*Given information*:
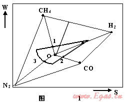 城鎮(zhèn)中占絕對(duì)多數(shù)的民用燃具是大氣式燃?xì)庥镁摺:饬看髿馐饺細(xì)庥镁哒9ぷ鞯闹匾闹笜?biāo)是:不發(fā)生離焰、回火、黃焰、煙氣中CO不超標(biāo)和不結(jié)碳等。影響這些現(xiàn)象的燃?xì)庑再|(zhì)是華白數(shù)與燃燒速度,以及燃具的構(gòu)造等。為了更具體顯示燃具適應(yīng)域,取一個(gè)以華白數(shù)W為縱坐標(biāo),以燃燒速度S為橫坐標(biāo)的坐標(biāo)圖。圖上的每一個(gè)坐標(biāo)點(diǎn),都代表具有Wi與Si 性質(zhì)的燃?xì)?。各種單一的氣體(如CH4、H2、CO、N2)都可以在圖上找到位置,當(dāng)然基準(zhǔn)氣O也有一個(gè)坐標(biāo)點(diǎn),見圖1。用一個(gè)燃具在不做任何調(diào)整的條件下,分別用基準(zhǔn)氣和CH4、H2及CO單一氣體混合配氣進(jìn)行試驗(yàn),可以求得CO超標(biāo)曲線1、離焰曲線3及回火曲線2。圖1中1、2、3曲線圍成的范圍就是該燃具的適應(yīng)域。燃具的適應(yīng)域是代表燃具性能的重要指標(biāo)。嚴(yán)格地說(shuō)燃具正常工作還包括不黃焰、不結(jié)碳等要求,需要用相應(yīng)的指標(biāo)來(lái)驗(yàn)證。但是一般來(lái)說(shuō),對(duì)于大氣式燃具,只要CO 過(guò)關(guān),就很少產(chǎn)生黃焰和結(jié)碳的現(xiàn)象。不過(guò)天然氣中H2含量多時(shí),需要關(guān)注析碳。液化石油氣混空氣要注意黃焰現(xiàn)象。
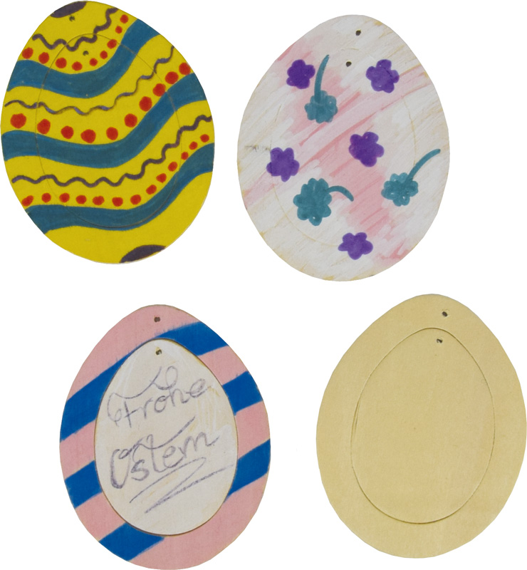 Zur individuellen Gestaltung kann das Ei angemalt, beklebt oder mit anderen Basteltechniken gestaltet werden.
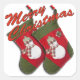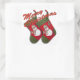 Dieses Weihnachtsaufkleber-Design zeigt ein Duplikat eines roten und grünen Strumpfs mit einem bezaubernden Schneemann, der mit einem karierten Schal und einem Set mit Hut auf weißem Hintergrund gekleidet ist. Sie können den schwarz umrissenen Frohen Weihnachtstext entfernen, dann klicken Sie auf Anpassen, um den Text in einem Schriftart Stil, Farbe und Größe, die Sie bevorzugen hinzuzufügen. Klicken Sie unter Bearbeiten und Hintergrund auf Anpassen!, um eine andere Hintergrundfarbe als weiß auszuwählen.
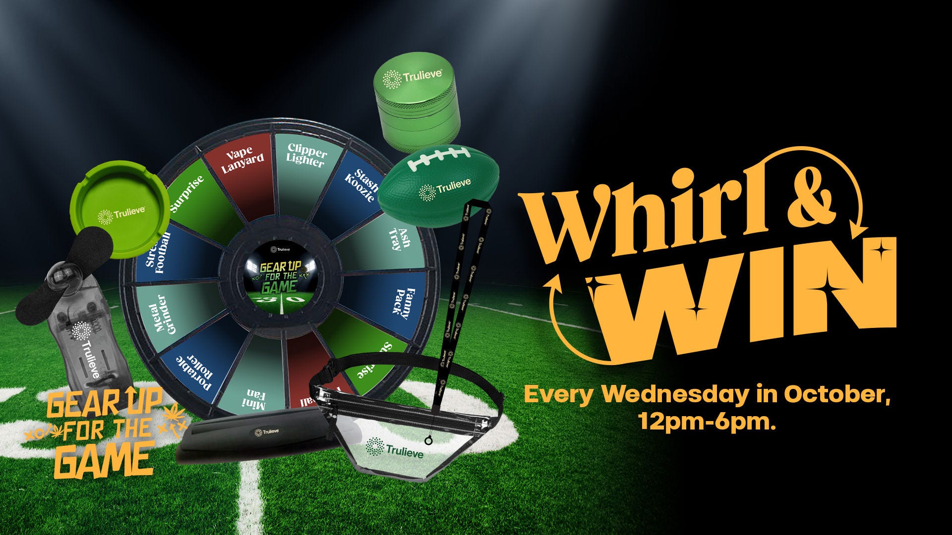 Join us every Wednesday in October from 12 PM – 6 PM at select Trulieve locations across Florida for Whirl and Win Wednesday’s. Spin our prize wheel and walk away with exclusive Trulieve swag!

*Assignment*: The answer must consist solely of the lines from the line containing "Dieses Weihnachtsaufkleber-Design zeigt" to the end of the data, reproduced exactly, with every picture left out.

*Exercise result*:
 Dieses Weihnachtsaufkleber-Design zeigt ein Duplikat eines roten und grünen Strumpfs mit einem bezaubernden Schneemann, der mit einem karierten Schal und einem Set mit Hut auf weißem Hintergrund gekleidet ist. Sie können den schwarz umrissenen Frohen Weihnachtstext entfernen, dann klicken Sie auf Anpassen, um den Text in einem Schriftart Stil, Farbe und Größe, die Sie bevorzugen hinzuzufügen. Klicken Sie unter Bearbeiten und Hintergrund auf Anpassen!, um eine andere Hintergrundfarbe als weiß auszuwählen.
 Join us every Wednesday in October from 12 PM – 6 PM at select Trulieve locations across Florida for Whirl and Win Wednesday’s. Spin our prize wheel and walk away with exclusive Trulieve swag!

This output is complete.